Chapter 1
The Fragile WifeMiyoung’s POV
It was the end of autumn. The weather seemed a bit cold but I loved it. I thought that autumn was matched with me the most, beside the other seasons. It was just like me, gloomy and mysterious. I wanted to match myself to winter because it was colder but in winter there were many carnival, party, and event that people celebrate. It didn’t match at me at all. I better waste my day alone at home rather than walking in the crowded place. Crowd, noise, and socialization never get along with me well.
I was going to say goodbye to my favorite season. Usually I will feel sad but at the moment I thanked to God that I was glad winter would coming. In the end of winter, I will be graduated. The time I yearned the most these days. I really wanted to graduate as soon as possible. Even I really wanted not to go to school anymore but my parent surely never allowed me. I wanted to start a new life after high school, even though I still didn’t know what I will do after.

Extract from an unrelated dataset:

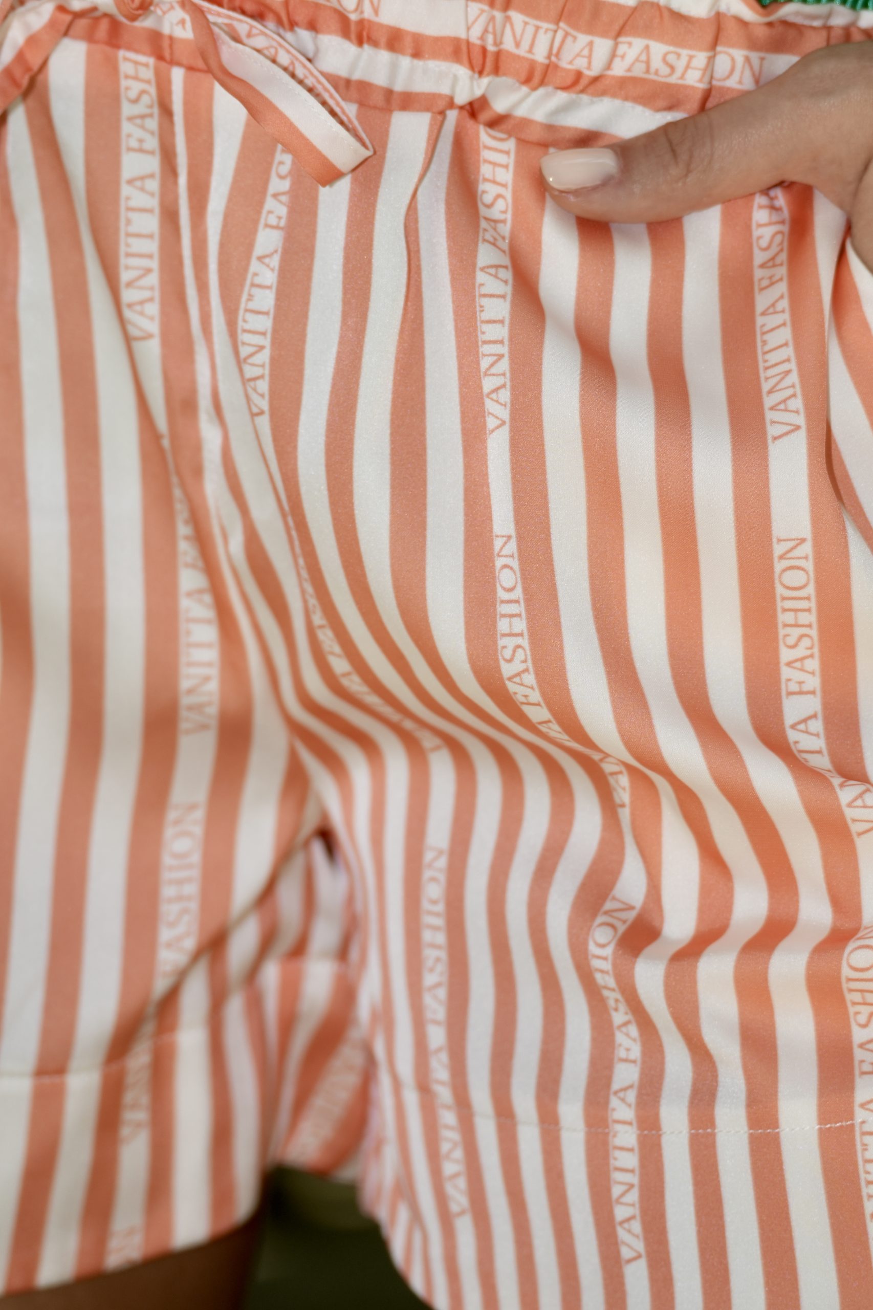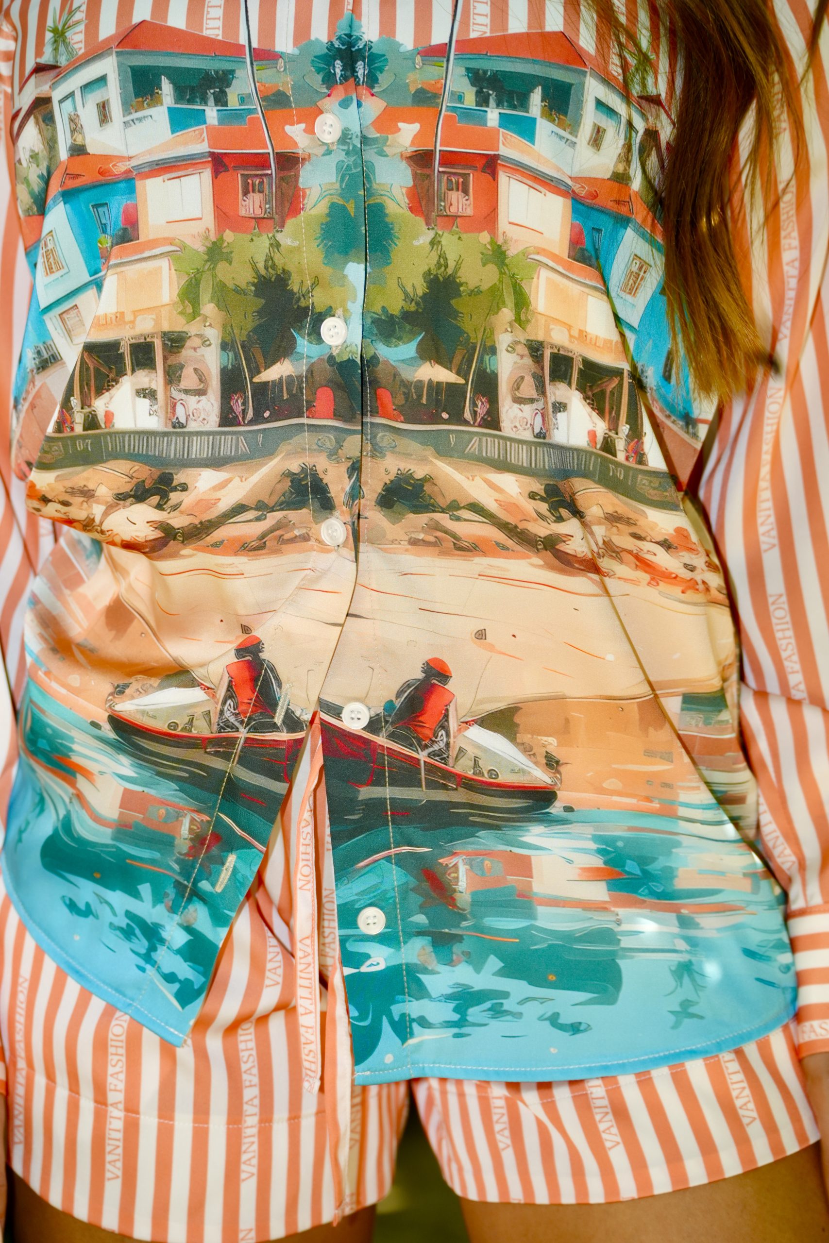 A fresh and stylish set of fine satin, consisting of a loose long-sleeved shirt and shorts. The model impresses with an original exotic print, combined with delicate stripes, which give it a modern and artistic character. The light fabric with a gentle sheen provides comfort and elegance, making the set a perfect choice for a chic beach or vacation look. ✨

I walked pass the school parking lot and unfortunately I saw thing I always pray to be missed. The boy once I loved was acting all lovey dovey with that cheerleading hot babe. I didn’t count how many times he changes his girlfriend or maybe they weren’t his girlfriend, for me they seemed more like a toy to him. I quickly skipped to school gate, reaching the bus stop as soon as possible. I felt tears b in my eyes. Oh God….not again not again. I swore to myself not to cry over him again but there I was, crying like an idiot in bus seat. I didn’t know why he still affecting me so much. Even though I knew he never looked at me again, or maybe he didn’t know if I still exist in this world. The thoughts made the sweet memories with him coming back to me, so did the worst memory. Suddenly I had an urge to puke. I felt blood drained out from my face due to the mixed feeling inside me.